The Sandbox: I Hate the French Vanilla

It's happened to all of us. You plop onto the futon with a pint of your favorite super-premium ice cream, ready to binge-eat your troubles away when... is that fair-trade coffee you taste in your cleverly named creamy caffeinated snack? Since when does enjoying ice cream necessitate funneling your hard-earned, tax-breakable dollars into wacko leftist causes like worker non-exploitation? DCU members, fear not! Star-Spangled Ice Cream is here! Conservative and creamy, Star-Spangled Ice Cream's manufacturers believe that America is "the best country ever" and they set out to make "the best ice cream ever!" Jumpin jillickers, Georgie! Let's get ourselves some spoons and dig into some Smaller Govern-mint!

 Without the resources to taste-test (this is super-premium ice cream, folks--The Chronicle didn't get free by paying its staffers to hang out at the local Scoop Shop), Recess has instead compiled vital stats on this competition shaping our nation's political flavorings. Below, the tally: Ben and Jerry's vs. Old Glory.

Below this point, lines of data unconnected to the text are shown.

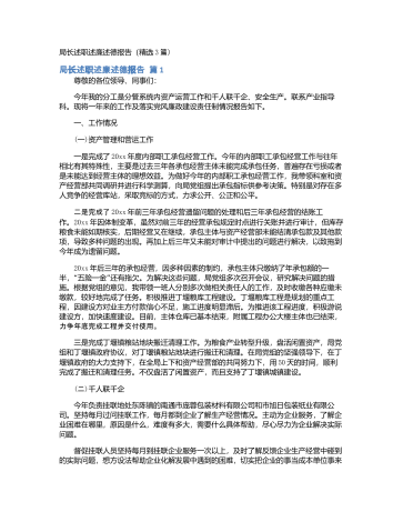 局长述职述廉述德报告(精选3篇)局述述廉述德告篇长职报1 尊敬的各位领导、同事们: 今年我的分工是分管系统内资产运营工作和千人联千企、安全生产。联系产业指导科。现将一年来的工作及落实党风廉政建设责任制情况报告如下。 一、工作情况 (一)资产管理和营运工作 一是完成了20xx年度内部职工承包经营工作。今年的内部职工承包经营工作与往年相比有其特殊性,主要是过去三年各承包经营主体未能完成承包任务,普遍存在亏损或者是未能达到经营主体的理想效益。为做好今年的内部职工承包经营工作,我带领科室和资产...
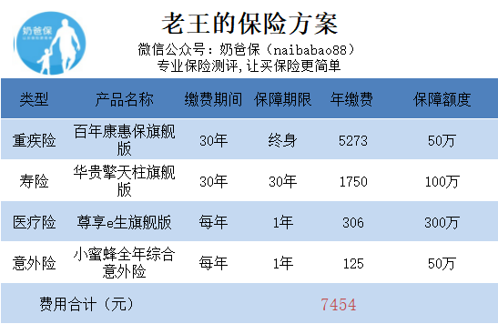 我们看到,老王并非标准体,由于血压偏高,且接近2级高血压的情况下,一年保费7454元能选到合适的50万的重疾险、100万的寿险、300万的医疗险及50万的意外险,还算不错的保障组合。
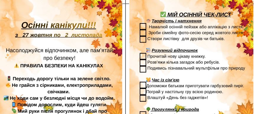 ✔ Правила безпеки на осінні канікули +цікавий чек-лист (завантажити)
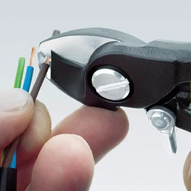 Multifunctional tool for working on NYM cable from 3 x 1.5 mm² to 5 x 2.5 mm² (cutting and stripping) Universal stripping area for both solid conductor cross-sections Reliable alignment of the Cable in the stripping area due to v-shaped blade geometry
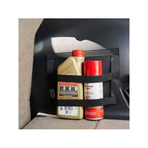 Карман надежно прикрепляется к ворсовому покрытию багажника при помощи липучки и предназначен для фиксации различного рода предметов, таких как огнетушители малых объемов, баллоны с автохимией, браслеты противоскольжения, аптечки, перчатки, салфетки и т. п.
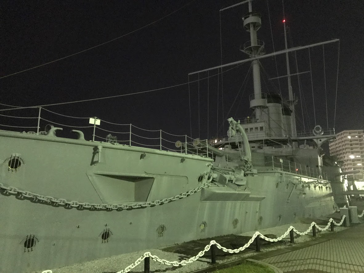 聞けば、飲んでいる店の近くで明治時代の戦艦があるのだとか。

 Best flavor name: Makin' Whoopie Pie, from Ben and Jerry's, conjures delightful images of both nookie and pie, both of which are fun, but the prize goes to Iraqi Road, for the sheer disturbing nature of Middle East puns.

 Weirdest ingredient: This is super-premium ice cream here, so we weren't expecting to find anything you can't grow or get from a cow, but it turns out that the Vermont boys use guar gum in their frozen treats, while Francis Scott Key's devotees swear by polysorbate 80. We'll call this one a draw.

 Best intangible ingredient: Ben and Jerry add peace and love to their mixes, but these days, patriotism is vogue. For the overall aura prize you'll have to decide by your politics.

 Employee perks: Ben and Jerry's employees get three free pints a day, while Star-Spangled Ice Cream isn't currently hiring. Nuff said. Immediate goals: Topping Phish Food, or marketing School Prayerleens and Crème. Take your pick.